From 1918 until his death in 1927 Langen traveled between Berlin and Solingen, where he worked together with, among others, Louise Dumont, the manager of the Schauspielhaus Düsseldorf and a close friend of his late mother.

==Marriage with Grete Trakl==
Most likely Langen met the musical prodigy Grete Trakl in the autumn of 1910. This date is cited in research on the poems by Georg Trakl, because Langen copied some of his poems at approximately that time. The couple was engaged in March 1911. The couple only married on 17 July 1912, after an unsavory court procedure in Salzburg, in which Langen finally acquired legal permission to marry his fiancée. By marrying Grete he withdrew his protégé from the influence of the Trakl family, who lived in debt and refused to invest in Grete's talent any further. Langen engaged the German-American avant-garde pianist Richard Buhlig as her private tutor.

When Grete inherited a considerable amount of money from her brother Georg after his death in November 1914, Langen also secured this estate for her. The couple separated in 1916, after it had become clear that Grete would not become a concert pianist due to emotional instability.

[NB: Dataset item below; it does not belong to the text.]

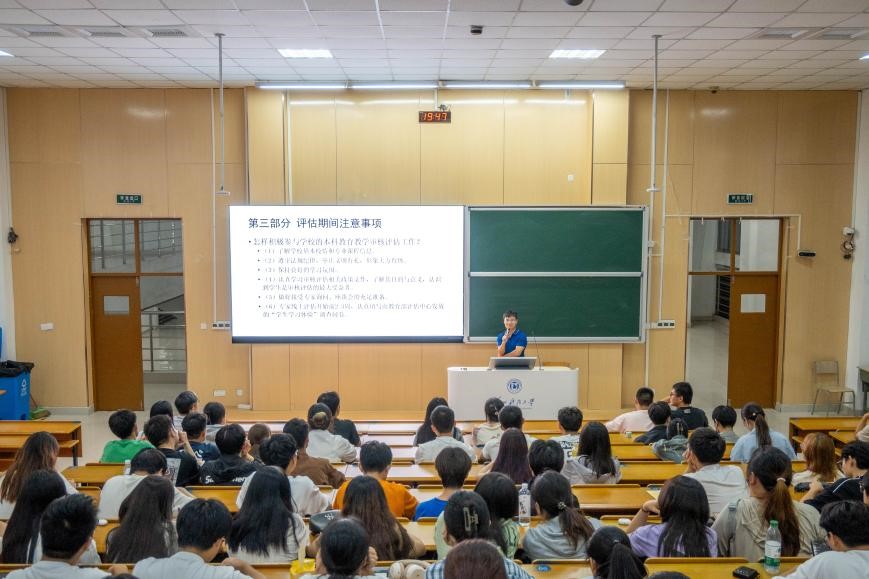 会上,杨朝辉针对本科教育教学审核评估应知应会做了详细解读,从审核评估基本常识、校情院情、评估期间注意事项等方面进行介绍,强调学生是新一轮审核评估的主要参与者和最大受益者,评估结果将直接关系到学生今后的发展,号召蓝鲸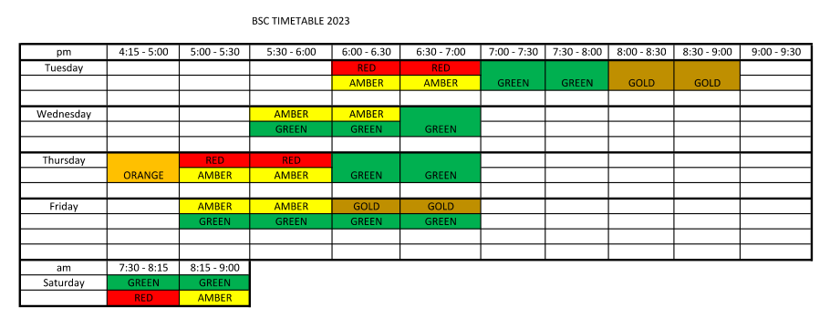 • Squad Training Timetable

Langen was in Berlin when Grete died. As the closest relative in the area at the time of autopsy and identification at the Mortuary of the Institut für Rechtsmedizin of the Charité, he most likely determined Grete's burial place.

==Literature==
- Correspondence by and to Arthur Langen can be found in the Deutsches Literaturarchiv Marbach (with, among others, Arthur Schnitzler, Else Lasker-Schüler) and in the Goethe-Schiller-Archiv, Weimar (with Rudolf von Poellnitz, Insel Verlag).